Red stabbed a finger at her laptop. “They’re laundering it through two shells in the Cayman Islands. One’s an orphan charity, the other is literally called ‘Deliverance Outreach.’ I checked the board members—every single one is tied to a donor at the church.”
Vin slammed his palm on the table. The phone jumped, and one of the dogs yelped. “How the fuck do we hit back?”
There was a pause. Shivs spoke up, “We could torch the place. Make it look like an insurance job.”
Canon shook his head. “Too public. They’ll blame us and spin it as biker retaliation.”
Red, not looking up, “You want the FBI, not Channel Five.”
Vin looked at me, eyes colder than a mortuary slab. “You got a personal stake in this. What’s your play, Axel?”
I hesitated. Everyone was waiting for me to say “burn it down,” to go straight-up Sons of Anarchy and start a war. But I couldn’t shake the memory of those eyes in the shipping container, or the look on Darla’s face when she’d called me last night, scared and alone.

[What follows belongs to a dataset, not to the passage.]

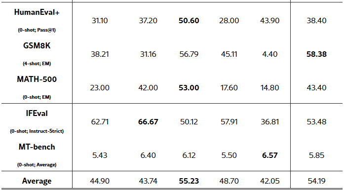 언어 이해, 추론, 수학, 코딩, 대화 등 다양한 벤치마크 전반에 걸친 종합적인 평가 결과,
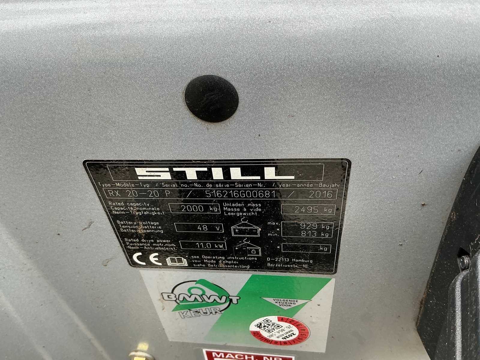 Merk: STILL Type: RX20-20P Bouwjaar: 2016 Serienummer: 516216G00681 Mast: Niho Aantal wielen: 4 Afgelezen urenstand: 8561 Free-lift: true Lepellengte: 1100mm Hefhoogte: 3270mm Minimale doorrijhoogte: 2160mm

“I need to warn her,” I said. “She’s not just the pastor’s daughter. If Maple finds out we got this close, he’ll use her to get to us.”
Vin grunted. “You sure she’s not already playing both sides?”
I didn’t answer that. Not because I didn’t have doubts, but because saying them out loud made it worse.
Red cut in, “If you’re gonna see her, do it somewhere off grid. Burn your phone before you leave.”
Vin pushed back from the table, chair scraping the floor like a gunshot. “All right. Everyone stays sharp. Nobody rides alone, nobody talks unless they have to. This town’s about to go nuclear.”
He looked at me, and for the first time in months, there was something like concern under the menace. “You take care of business, Axel. But watch your ass. That Bible-thumping piece of shit has eyes everywhere.”
I nodded and headed for the door, feeling every eye in the room on my back.
Outside, the night was black and empty, but I could feel the pulse of something ugly moving through the dark—faster and meaner than anything we’d ever faced before.
My phone vibrated with a message from Darla: “midnight sandwich.” Our stupid code. It meant she was in trouble.
I twisted the throttle and let the engine scream.
If the whole damn town was going to hell, I’d at least make sure she had a ride out.
***
I took the river road fast, every pothole punching straight up my spine, the Harley spitting gravel into black nothing behind me. The moon was a hangnail above the clouds, just bright enough to show the path but not enough to make me feel safe. I killed the engine half a mile from the drop, then walked the rest, boots crunching through dead leaves and shards of broken beer bottles. The river stank of mud and runoff, and the old boathouse squatted by the bank, half its siding caved in, roof patched with blue tarps and prayers.
Darla waited by the porch, pacing in tight circles, her hair down and wild, wind whipping the loose dress she wore into a flag of surrender. She checked her phone every five seconds, but the light from the screen just made her eyes look more hollow. I watched her from the shadow of a busted pine, not because I didn’t trust her, but because I couldn’t stop feeling like a target. Years of instinct didn’t die easy.
She saw me and froze. For a second, she looked like she might run, then her body just slumped, and she stumbled toward me, head down. “You said midnight,” she hissed, voice breaking. “It’s almost one.”
“I had to make sure I wasn’t tailed.” I scanned the tree line, then closed the distance, letting her smell the road and sweat on my jacket. She pressed herself into me, fists balled in the leather, trembling. I could feel every bone in her, like she was built from glass.
“Tell me you’re okay,” she whispered.
“Princess, I’m fine. But we need to move fast.”
She wiped at her face with the heel of her palm, making a streak of black down her cheek. I tried to ignore how much it looked like a bruise. I reached for her hand and led her to the boathouse, the door hanging off the hinge, and we ducked inside. It was even colder in there, the smell of rot and gasoline mixing with river damp.
She was the first to break. “Is it true?” she said, voice shaking. “What my father is doing?”
I flicked on the tiny penlight I kept in my vest and pointed it at the ledger pages and the phone. “You need to see this.”
She stared at the photos. At first, her face was blank. Then her mouth twisted, and she staggered to the side, grabbing the splintered bench for balance. “That’s real?” Her voice was so small I almost missed it. “Those people—” She ran her finger over the screen, then dropped the phone as if it bit her. “Oh my God. Oh my fucking God, Axel, what is this?”
“It’s your dad’s idea of saving the city. Guns, meth, smuggling people in from god knows where. They’re keeping them in containers. Like cattle.”